• _EXERCISE DESCRIPTION_
Set down each line of the data below exactly as it stands, dropping the pictures.

• _Dataset entries_
___

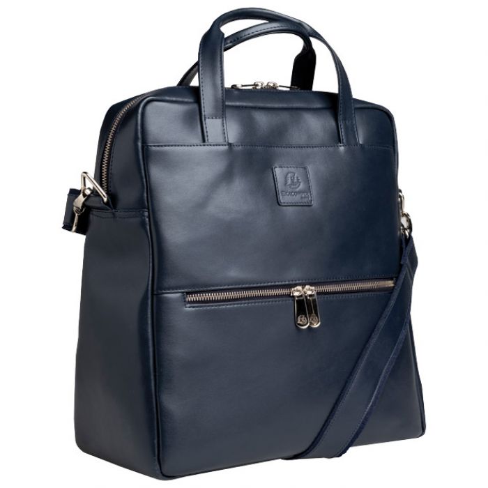 kožna; muška; ima glavni odjeljak sa zatvaranjem na kopču, pretinac za kartice, mobilni telefon, olovke…; dimenzija: 41x31x11 cm
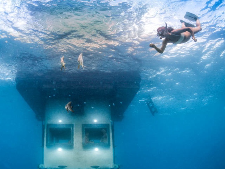 I tokom noći je pogled kroz prozor jedinstven jer se uveče oko potopljene sobe pale reflektori koji privlače najegzotičnije vrsta riba.
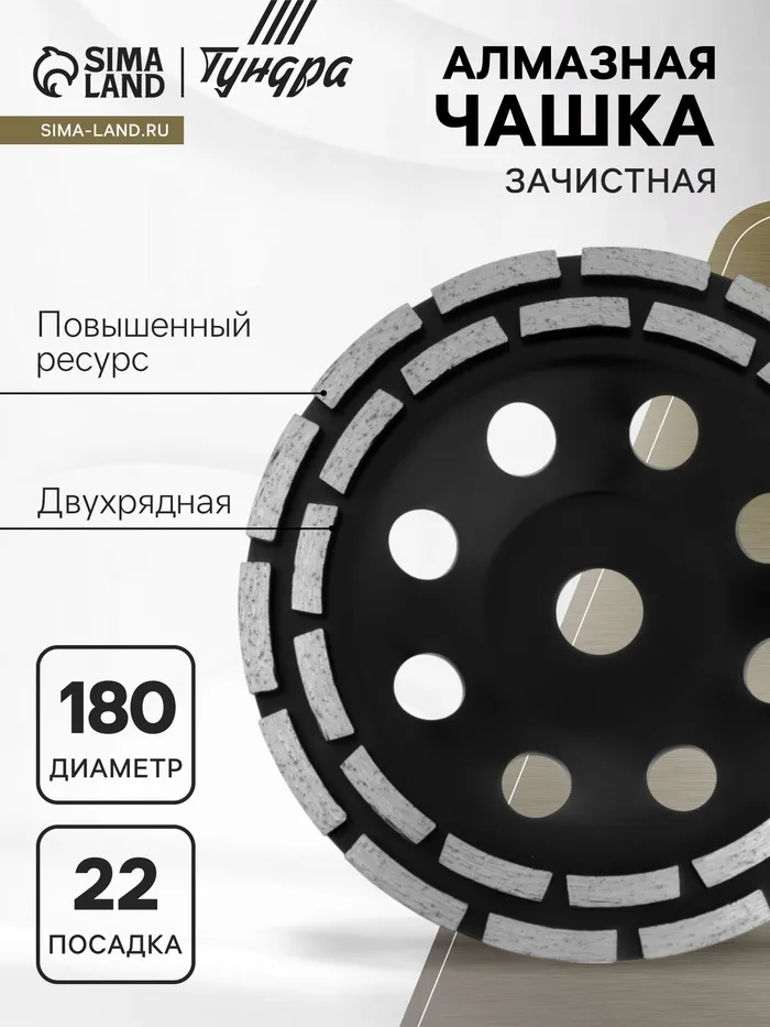Чашка алмазная зачистная ТУНДРА, двухрядная, 230 мм — Характеристики
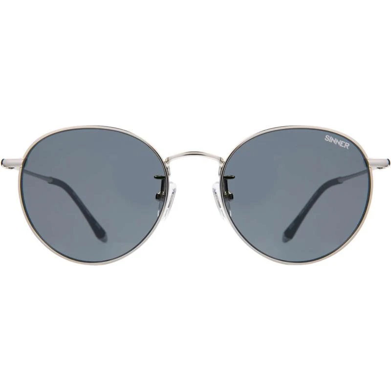 The SINNER HERMON sunglasses have a fashionable round, matt silver metal frame with a luxurious finish at the temples tips. The sunglasses have polycarbonate, smoke mirror lenses (category 3), which offer 100% UV protection. The sunglasses are nickel free, the screws in the frame are made of stainless steel.
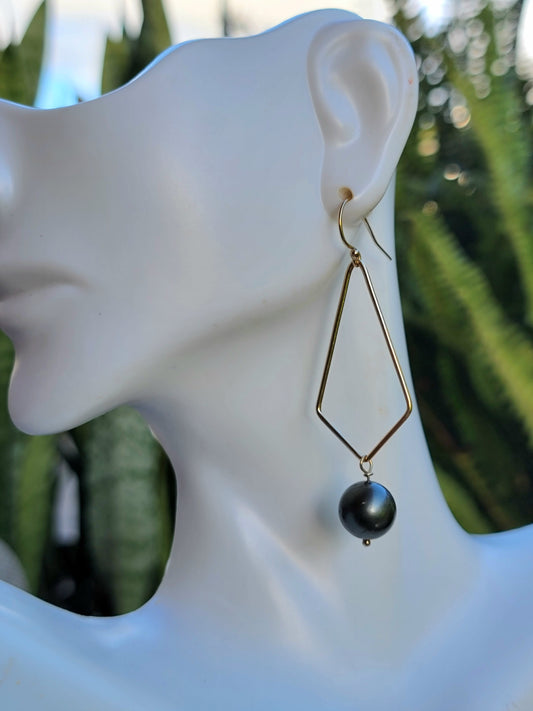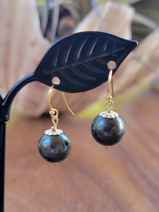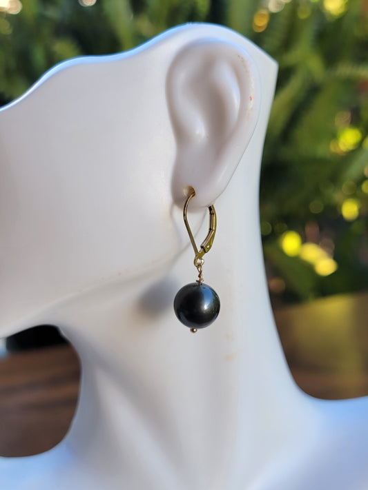 Tahitian Pearl Earrings Dangle Drop Black South Sea Pearl June Birthstone Gold
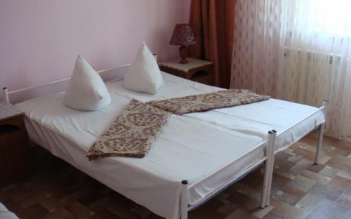 В 2-х, 3-х и 4-х местных номерах "эконом-класса". В номерах: шкаф, кровати односпальные, тумбочки, телевизор, вентилятор – по требованию. Рядом в отдельном строении – санузел с умывальниками, туалетами, душем (вода горячая постоянно). Столики со стульями вынесены во двор перед входом в номер.

___

• _SOLUTION FOR THIS EXERCISE_
 kožna; muška; ima glavni odjeljak sa zatvaranjem na kopču, pretinac za kartice, mobilni telefon, olovke…; dimenzija: 41x31x11 cm
 I tokom noći je pogled kroz prozor jedinstven jer se uveče oko potopljene sobe pale reflektori koji privlače najegzotičnije vrsta riba.
Чашка алмазная зачистная ТУНДРА, двухрядная, 230 мм — Характеристики
 The SINNER HERMON sunglasses have a fashionable round, matt silver metal frame with a luxurious finish at the temples tips. The sunglasses have polycarbonate, smoke mirror lenses (category 3), which offer 100% UV protection. The sunglasses are nickel free, the screws in the frame are made of stainless steel.
 Tahitian Pearl Earrings Dangle Drop Black South Sea Pearl June Birthstone Gold
 В 2-х, 3-х и 4-х местных номерах "эконом-класса". В номерах: шкаф, кровати односпальные, тумбочки, телевизор, вентилятор – по требованию. Рядом в отдельном строении – санузел с умывальниками, туалетами, душем (вода горячая постоянно). Столики со стульями вынесены во двор перед входом в номер.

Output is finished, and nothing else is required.